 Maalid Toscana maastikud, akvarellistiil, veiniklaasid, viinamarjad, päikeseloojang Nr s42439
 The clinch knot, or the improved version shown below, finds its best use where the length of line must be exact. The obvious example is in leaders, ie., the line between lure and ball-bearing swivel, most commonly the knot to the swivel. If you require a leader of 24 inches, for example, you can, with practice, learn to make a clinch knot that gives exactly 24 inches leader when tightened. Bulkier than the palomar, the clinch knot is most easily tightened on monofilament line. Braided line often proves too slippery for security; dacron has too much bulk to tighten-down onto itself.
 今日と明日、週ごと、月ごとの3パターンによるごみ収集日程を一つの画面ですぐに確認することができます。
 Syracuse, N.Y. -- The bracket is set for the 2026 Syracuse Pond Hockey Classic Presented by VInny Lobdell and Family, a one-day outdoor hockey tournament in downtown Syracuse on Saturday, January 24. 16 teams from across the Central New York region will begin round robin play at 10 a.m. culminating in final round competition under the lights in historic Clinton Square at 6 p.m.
________
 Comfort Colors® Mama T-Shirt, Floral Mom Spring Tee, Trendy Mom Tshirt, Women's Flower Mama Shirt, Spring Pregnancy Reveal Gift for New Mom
________
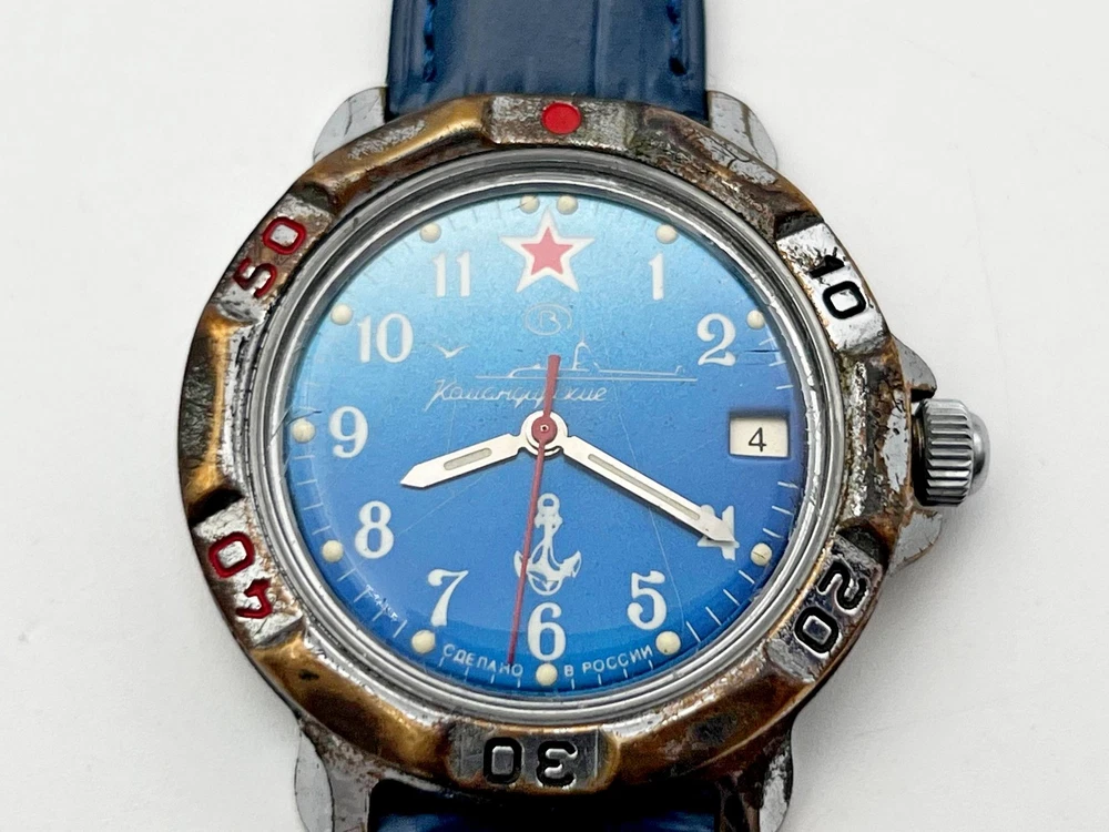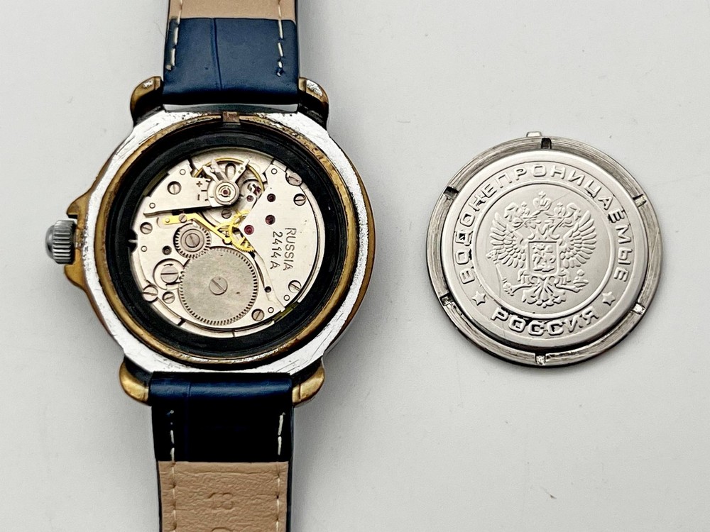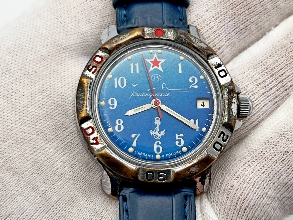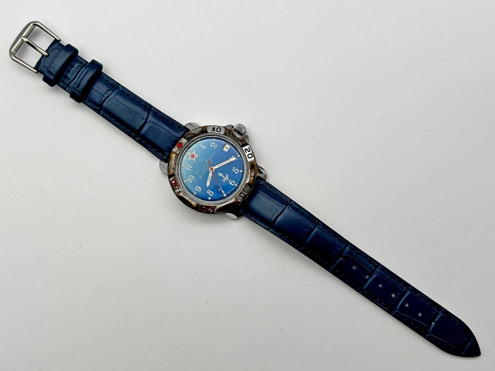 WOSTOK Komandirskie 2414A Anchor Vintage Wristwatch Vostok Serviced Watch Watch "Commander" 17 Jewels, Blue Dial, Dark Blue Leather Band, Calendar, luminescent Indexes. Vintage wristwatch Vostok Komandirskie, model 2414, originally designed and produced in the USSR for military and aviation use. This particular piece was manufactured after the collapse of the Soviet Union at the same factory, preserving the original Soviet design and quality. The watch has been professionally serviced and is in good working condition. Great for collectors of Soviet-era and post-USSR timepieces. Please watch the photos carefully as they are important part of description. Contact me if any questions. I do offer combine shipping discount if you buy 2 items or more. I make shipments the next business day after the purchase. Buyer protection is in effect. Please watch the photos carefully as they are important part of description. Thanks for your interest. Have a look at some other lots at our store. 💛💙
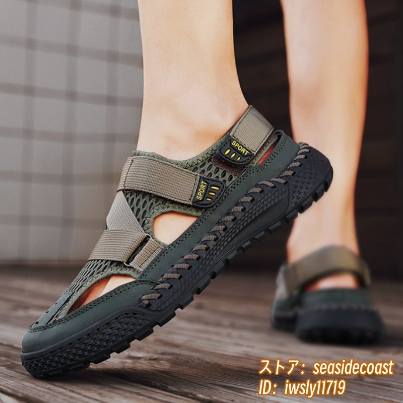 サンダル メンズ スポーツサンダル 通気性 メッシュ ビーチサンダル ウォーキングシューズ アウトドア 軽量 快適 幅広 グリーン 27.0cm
________
Where the data above reaches the line holding "päikeseloojang Nr s42439", begin printing, and stop after the line holding "The clinch knot, or". Each line must be reproduced exactly, with nothing else added.

**Output for this exercise:**
 Maalid Toscana maastikud, akvarellistiil, veiniklaasid, viinamarjad, päikeseloojang Nr s42439
 The clinch knot, or the improved version shown below, finds its best use where the length of line must be exact. The obvious example is in leaders, ie., the line between lure and ball-bearing swivel, most commonly the knot to the swivel. If you require a leader of 24 inches, for example, you can, with practice, learn to make a clinch knot that gives exactly 24 inches leader when tightened. Bulkier than the palomar, the clinch knot is most easily tightened on monofilament line. Braided line often proves too slippery for security; dacron has too much bulk to tighten-down onto itself.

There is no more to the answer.